The parents were married in 2012 in Pakistan and then moved to Dubai in the United Arab Emirates (UAE) where the father works. Both are citizens of Pakistan but the mother is also a Canadian citizen. Their daughter was born in 2016 and their son in 2019. The mother has always been the primary caregiver and her residency in Dubai has depended on the father. In June 2020, the mother travelled to Ontario with the children to visit her family. The father agreed to the trip but he remained in Dubai. A few weeks later, the mother informed the father that she would not be returning to Dubai with the children.

The father started legal proceedings in Ontario for the children to return to Dubai. He invoked Ontario’s Children’s Law Reform Act (CLRA), which can apply in cases of international child abduction by a parent. The mother responded by saying she would not return to Dubai. She asked the Ontario court to decide the custody of the children, instead of a court in the UAE.
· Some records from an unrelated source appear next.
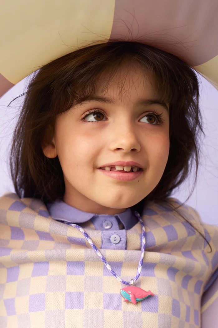 Šis aksesuaras tarsi mini ekosistema ant mažylio kaklo. Spalvingas ir žaismingas banginis, kurio viduje slepiasi mažytis žuveliukas.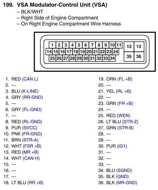 View 199 - VSA Modulator-Control Unit Connector View (VSA)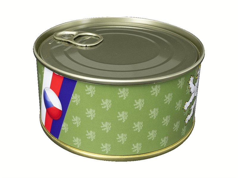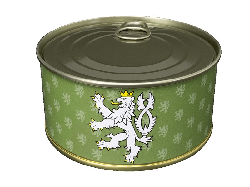 Dárková plechovka o velikosti 10 cm je doplněna barevnou etiketou. Otevírá se jako klasická konzerva za "ouško" (bez otvíráku). Tento originální způsob otvírání dárku je zajímavým zpestřením pro obdarovaného.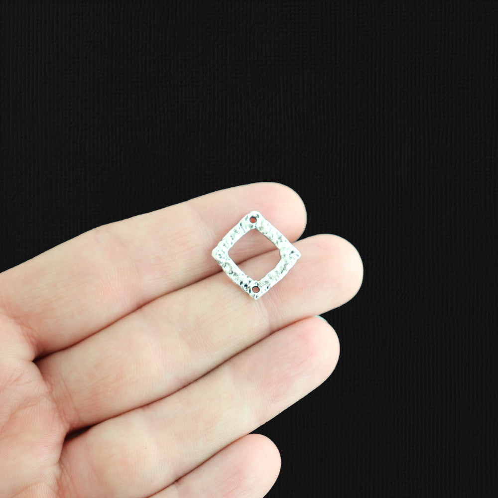 Rhombus antique silver tone connector charms, in a zinc alloy metal.

The mother claimed the children would suffer serious harm if they returned to Dubai and that staying with her in Ontario was in their best interests. Before the hearing, the father offered to settle their dispute. He promised to ensure the mother’s independent residency status in Dubai by buying her a property in her name. He also agreed to allow the children to reside there primarily with her.

Under the CLRA, Ontario courts typically do not exercise jurisdiction on custody issues when children have been wrongfully taken from their home in another country and end up in the province. However, there are exceptional circumstances when an Ontario court may act. Under section 23 of the law, a court can act when children are physically present in Ontario and the court is convinced they would suffer serious harm if removed from there.

In this case, the Ontario court declined jurisdiction. The judge was not convinced the children would suffer serious harm if they returned to Dubai. He declared that the mother had wrongfully kept the children in Ontario and that they should be returned to UAE with or without her. The judge gave the parties an opportunity to make further submissions on whether to include the father’s settlement proposal in his order. The mother made no submissions in this regard and the settlement offer was not included. The mother appealed the order to Ontario’s Court of Appeal, where it was dismissed. She then appealed to the Supreme Court of Canada.

The Supreme Court has dismissed the appeal.

The “serious harm” threshold required under the CLRA was not met.

Writing for a majority of the judges, Justice Nicholas Kasirer explained that as a general rule in Canadian family law, the best interests of children are measured from the children’s perspective and are the paramount consideration for all decisions that concern them. While separating young children from their primary caregiver could certainly cause them psychological harm, it will not always rise to the level of “serious harm” required under the CLRA. Justice Kasirer said the trial judge in this case made no reviewable error in deciding that this level was not met. As a result, the custody of the children should be resolved by a court in the UAE.

While the majority judges found no reason to interfere with the trial judge’s assessment, they said the father should be bound by his initial settlement offer if the mother decides to return to Dubai.

In this case, the legal question focused only on jurisdiction. As Justice Kasirer said, the case was not “a comprehensive comparison of the child’s life in the two jurisdictions”, nor a “broad-based best interests test” as is conducted on the merits of a custody application.